Exactly as written, set down each line of the data below except its pictures.

Supplied information: Begin

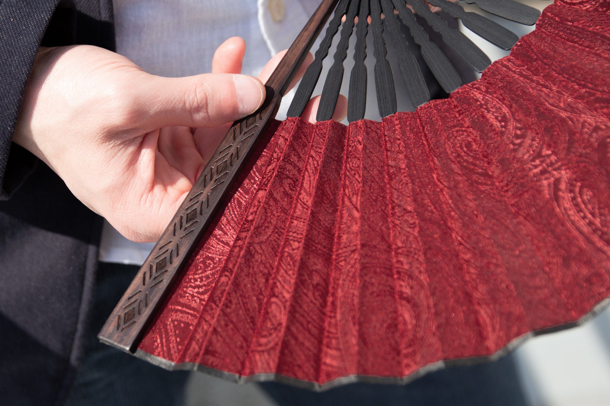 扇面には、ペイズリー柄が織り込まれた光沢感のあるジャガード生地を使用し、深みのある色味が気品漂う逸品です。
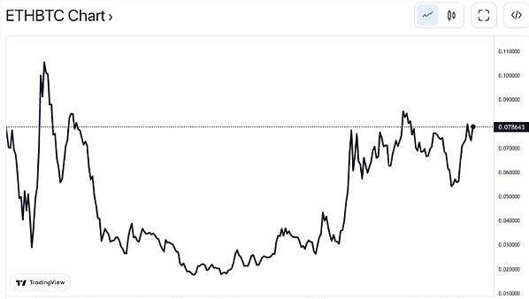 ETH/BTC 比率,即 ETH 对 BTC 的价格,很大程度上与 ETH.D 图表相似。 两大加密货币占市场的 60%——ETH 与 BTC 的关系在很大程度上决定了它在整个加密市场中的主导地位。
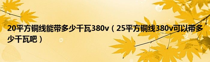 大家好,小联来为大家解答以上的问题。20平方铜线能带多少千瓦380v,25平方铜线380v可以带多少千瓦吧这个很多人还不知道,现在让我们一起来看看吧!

Supplied information: End

* Solved exercise
 扇面には、ペイズリー柄が織り込まれた光沢感のあるジャガード生地を使用し、深みのある色味が気品漂う逸品です。
 ETH/BTC 比率,即 ETH 对 BTC 的价格,很大程度上与 ETH.D 图表相似。 两大加密货币占市场的 60%——ETH 与 BTC 的关系在很大程度上决定了它在整个加密市场中的主导地位。
 大家好,小联来为大家解答以上的问题。20平方铜线能带多少千瓦380v,25平方铜线380v可以带多少千瓦吧这个很多人还不知道,现在让我们一起来看看吧!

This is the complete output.